Allora è una ragazza intelligente?”.
Per
qualche secondo la osservai basito. Poi mi grattai il capo. Infine mi
concessi
di avvicinare il mio volto al suo, e di tenerle fermo il capo con le
mani. “A
quale cavolo di manga hai fregato ‘sta battutina penosa,
razza di egocentrica
viziata?”, le urlai contro. “No, perché
sul serio, è una battuta così idiota da
farmi piangere. Kagome, dannata, scolpisciti queste parole in testa,
per
favore: non ho una ragazza”.
Presi
fiato, mordendomi poi il labbro inferiore. “Non
ho una ragazza, ok? E il regalo, per quanto possa apparirti
strano, è per te”.
Non
si concesse neppure di sbattere le palpebre o di sbarrare gli occhi,
continuando a fissarmi tra il confuso e l’irritato.
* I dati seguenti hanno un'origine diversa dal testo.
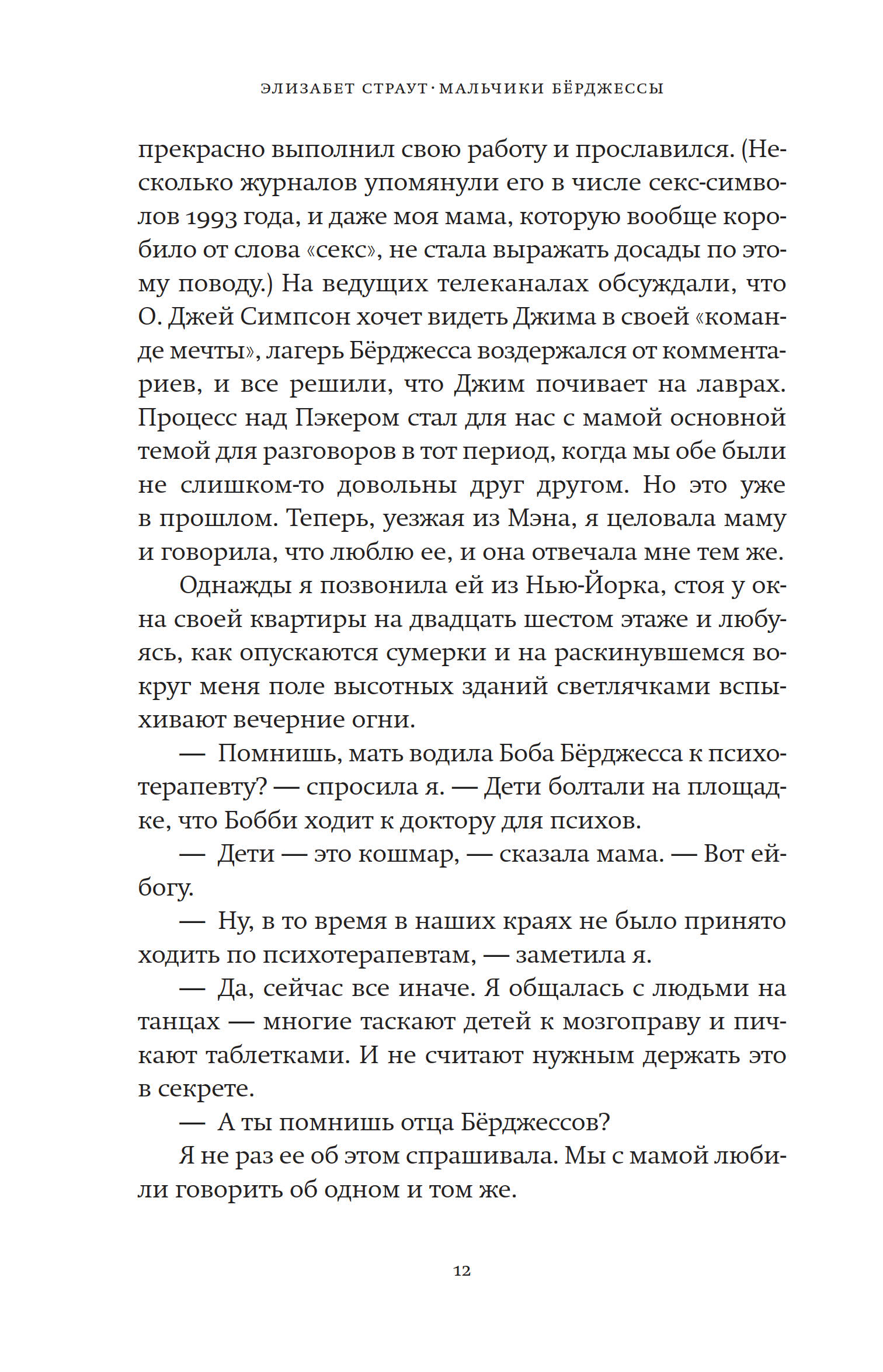 Джим и Боб Бёрджессы давно покинули родной городок в штате Мэн. Смерть их отца была трагической, и ни один из братьев до сих пор не пережил ее, оба так и живут с травмой в душе. Первый — успешный адвокат, прагматичный и циничный, второй — незадачливый юрист, добродушный, с несложившейся личной жизнью. Спустя годы братья вынуждены вернуться в родительский дом, чтобы разобраться с историей, в которую угодил еще один Бёрджесс — их племянник. И все, что, как им казалось, они сумели забыть, оставить в прошлом, наваливается с новой силой. В этом романе, как и в своей культовой книге «Оливия Киттеридж», Элизабет Страут проникает в самую суть природы радостей и страданий обычного человека. Роман очень близок по духу, настроению и даже географии (действие его происходит практически там же) роману «Эмпайр Фоллз» Ричарда Руссо.

“Per te, anche se sei una stupida
ragazzina viziata che non capisce nulla. Ti ho comprato uno
stupidissimo
regalo, e l’ho fatto perché sono stupido, e sono
stupido perché ho una fottuta
– sì, fottuta, f,
o, t,
t, u,
t, a
– voglia di baciarti. E adesso che
l’ho detto mi sento anche più stupido”.
“…idiota”,
sussurrò.
Poi le sue labbra
raggiunsero la mia bocca.
*
Quando
mi svegliai – non sapevo né come né
quando mi ero addormentato, ma
evidentemente era successo, perché avevo ogni singolo
muscolo intorpidito e
l’espressione sconvolta che solo dopo sei ore di sonno ero
solito concedermi –,
Kagome era raggomitolata al mio fianco, il pacchetto stretto in grembo
e l’aria
compiaciuta di una bambina a cui hanno appena regalato il
più bel giocattolo di
sempre – ma io non ero un giocattolo, e di certo non potevo
definirmi il più bello di sempre.
Rabbrividendo
per la mia stessa inettitudine e dolcezza, e chiedendomi il
perché di tanta
assurda galanteria, le diedi un bacio sulla fronte, indeciso se
svegliarla o
darle la buona notizia solo in seguito: dopo giorni e giorni di crisi,
avevo
finalmente voglia di scrivere. Di scrivere davvero,
di continuare quel fottuto libero, di
vincere. Volevo battere Naraku, e volevo batterlo
perché Kagome voleva che
lo battessi – e anche perché quel tipo godeva
delle disavventure altrui, e io
questo non lo accettavo granché.
Sorrisi,
poi mi lasciai ricadere accanto al pc.
__________________
E, ecco, volevo ringraziare chi ha proposto BL per le Storie Scelte. Grazie, davvero. Siete stati gentilissimi. *Si inchina* Cercherò di non farvi più penare, in futuro. ç_ç E di fare capitoli molto più lunghi, perché 1699 sono pochissime.